Pacific Standard has a beautiful new piece out about Nev Jones, a psychology professor who experienced psychosis while in graduate school. Her history gives her a unique insight into the unwell mind, and she devotes her study to the idea that “madness” (not my favorite word, but the one the article uses) is not an isolated phenomenon, but instead occurs in the context of a society and so can be worsened—or improved—by that society’s reaction to the afflicted.
The author writes:
Jones today describes the madness in and around her family as a koan, a puzzle that teaches by its resistance to solution, and which forces upon her the question of how to speak for those who may not be able to speak for themselves.
Jones has since made a larger version of this question—of how we think of and treat the mad, and why in the West we usually shunt them aside—her life’s work. Most of this work radiates from a single idea: Culture shapes the experience, expression, and outcome of madness. The idea is not that culture makes one mad. It’s that culture profoundly influences every aspect about how madness develops and expresses itself, from its onset to its full-blown state, from how the afflicted experience it to how others respond to it, whether it destroys you or leaves you whole.
The piece reminds me of one from several years ago in Aeon Magazine that pointed out that hallucinatory voices are almost never devoid of context, but rather reflect a person’s individual experiences and cultural surroundings. Often they are inner expressions of trauma. A new form of treatment even allowed those who heard troubling voices to find some relief by listening to what the voices had to say; the voices didn’t go away, but they became much more benign and therefore manageable.
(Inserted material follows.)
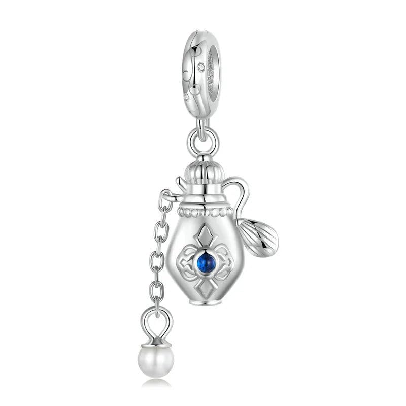 Generic - تعليقة "زجاجة عطر" من الفضة الإسترليني عيار 925، مزينة بحجر زركون أزرق لامع وسلسلة متدلية رقيقة قطعة عصرية تعكس الأنوثة والسحر،

Taken together these articles give me some kind of hope that mental illness doesn’t have to be inevitable, or at least, that the suffering from it can be greatly reduced. An episode of the podcast Invisibilia explored the idea that thoughts are not really so core to our selves as we might believe, that anyone can have thoughts that are disturbing to them and that the best way to deal with these thoughts is to acknowledge them and let them drift by. Resisting the thoughts is the surest way to make them stronger; acceptance robs them of power. Jones learns as much in her own life: “She doesn’t mind, for instance, that she still experiences some stretches and wrinkles in reality’s fabric. She accepts an occasional soft sidewalk or vaporous wall.”
Perhaps if we understood mental illness more as a relatively common reaction to being alive and human, as occasional neural noise generated by a complicated brain, and less as a terrible occasion in need of ostracization and treatment, we could learn to live better with it. Perhaps we might find that some of our symptoms and a lot of our pain simply drifts by and floats away.